Too often when we talk about or think about innovation we are thinking about a software product, some app, or some new medical device or technological game changer. Those things are great and I am all for them, but I must emphasize that ideas and actions can constitute innovations also. I am very hopeful about the potential to lower the total cost of care through more effective patient engagement, especially in the self management of health and chronic disease. It should be possible to envision a day when a hospital admission for an ambulatory sensitive diagnosis is a “never event.” That is an audacious goal. I do not think that current processes of ambulatory care will ever get us there. Innovations may.

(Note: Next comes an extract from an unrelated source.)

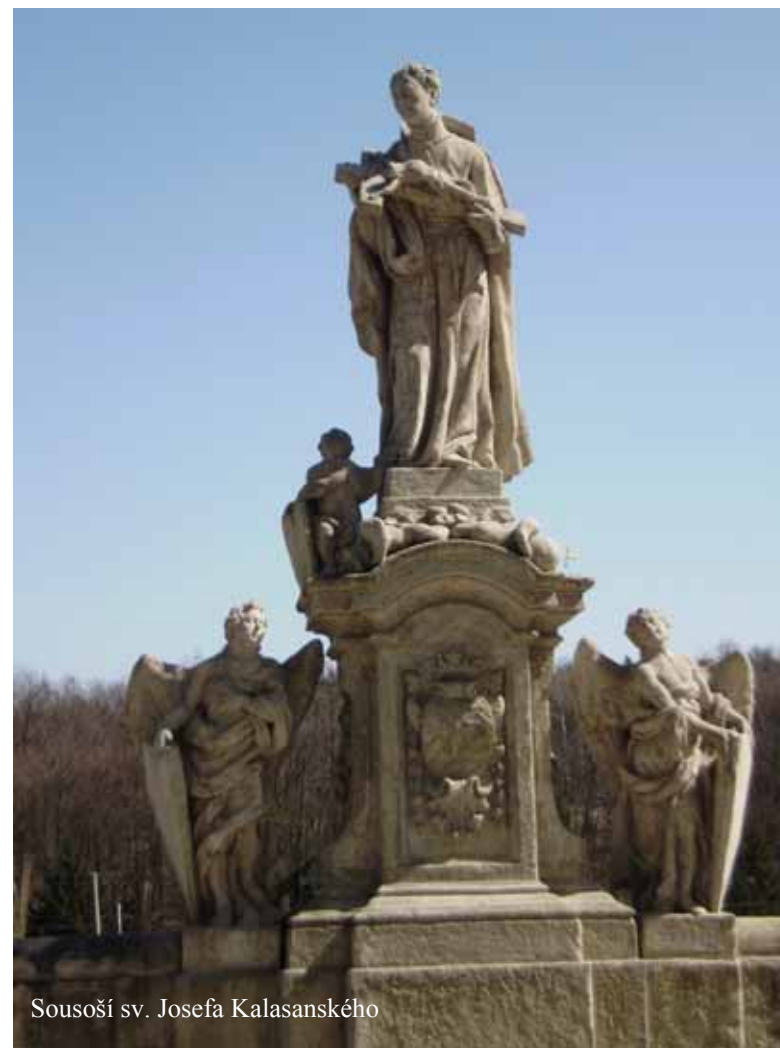
Sousoší sv. Josefa Kalasanského

To put it bluntly, for most people getting care from their doctor is a frustrating experience. Time is wasted, patients and their families are inconvenienced because care is delivered in a way to maximize the financial yield. I know that your practice or hospital is not like this. But remember you are a small part of the vast system of care in this country. The ambulatory practice financed by fee for service revenue is usually an impossible environment in which to attempt to promote patient engagement or pass on the tools of self management. All of the drivers point toward a quick visit billed at the highest possible level with the earliest possible return of the patient. The principles and possibilities of the “experience economy” described almost twenty years ago by Pine and Gilmore have not penetrated this reality, despite all the attempts by enlightened organizations to act like the Ritz-Carlton or despite all the Press Ganey surveys.

I have the hope that someday all of our innovations will come together to yield

…Care better than we’ve seen, health better than we’ve ever known, cost we can afford,…for every person, every time,…in settings that support caregiver wellness…

Innovation will be an important part of that future success, but realizing its real potential will require transformational change.